For AI-driven content generation, the same principle applies — platforms like AiToEarn官网 integrate AI generation, cross-platform publishing, analytics, and monetization.
---
Model Comparison: SDAR-Chat vs AR-Chat
Researchers adapted Qwen3 series AR models (1.7B → 30B) to SDAR via “CPT + SFT”.

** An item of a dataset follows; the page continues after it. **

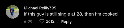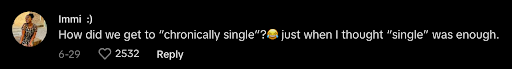 Interestingly, the last comment is from the 25-year-old single woman who got a jump on the beginning of this trend. This is definitely one way of “putting yourself out there” that I can get behind because, who knows, maybe these two could meet and bond over this. I am all in favor of a TikTok romance.

Strict comparison of SDAR-Chat and AR-Chat
Result: At 30B, SDAR matched or exceeded AR in 11/18 benchmarks.
---
Low-Cost Conversion
- Dream requires 580B tokens to train
- SDAR matched AR with only 50B tokens CPT
- Confirms decoupling efficiency
---
Acceleration Results
Theoretical acceleration measured via Tokens Per Forward (TPF):

TPF scaling: larger blocks & larger models → greater speed
Real-world on LMDeploy:
- SDAR-8B-chat: 2.3× faster
- Peak: 6,599 tokens/sec on H200 GPU
---
Frontier Science: SDAR-30B-A3B-Sci
Focused on scientific reasoning, SDAR preserved AR’s chain-of-thought and excelled:
Score improvements:
- GPQA-diamond: +5.5 points
- ChemBench: +12.3 points
Test-time Scaling Potential
Multi-round sampling + majority vote:
- AIME-2025: +19.3%
- LMB-hard: +15.7%

AR vs SDAR Sci model

Test-time scaling
---
Summary & Outlook
SDAR’s Contributions:
- First fair comparison of AR vs MDLM training efficiency
- Introduced training–inference decoupling for AR + diffusion benefits
- Universal adaptation framework for dense & MoE models
- Scaling laws for model size, block size, performance, speed
- Full open-source release (models, engines)
Impact:
SDAR lowers application costs, boosts speed, and retains — even enhances — performance.
---
Integration with AI Content Platforms:
SDAR’s strengths can power platforms like AiToEarn — enabling ultra-fast, high-quality content generation, publishing, and monetization across Douyin, Kwai, WeChat, Bilibili, Xiaohongshu, Facebook, Instagram, LinkedIn, Threads, YouTube, Pinterest, and X (Twitter).
See AiToEarn文档 and AI模型排名 for full ecosystem tools.
---
Would you like me to provide a comparative table summarizing AR, MDLM, Hybrid, and SDAR paradigms? This would make key differences in speed, cost, and performance clearer at a glance.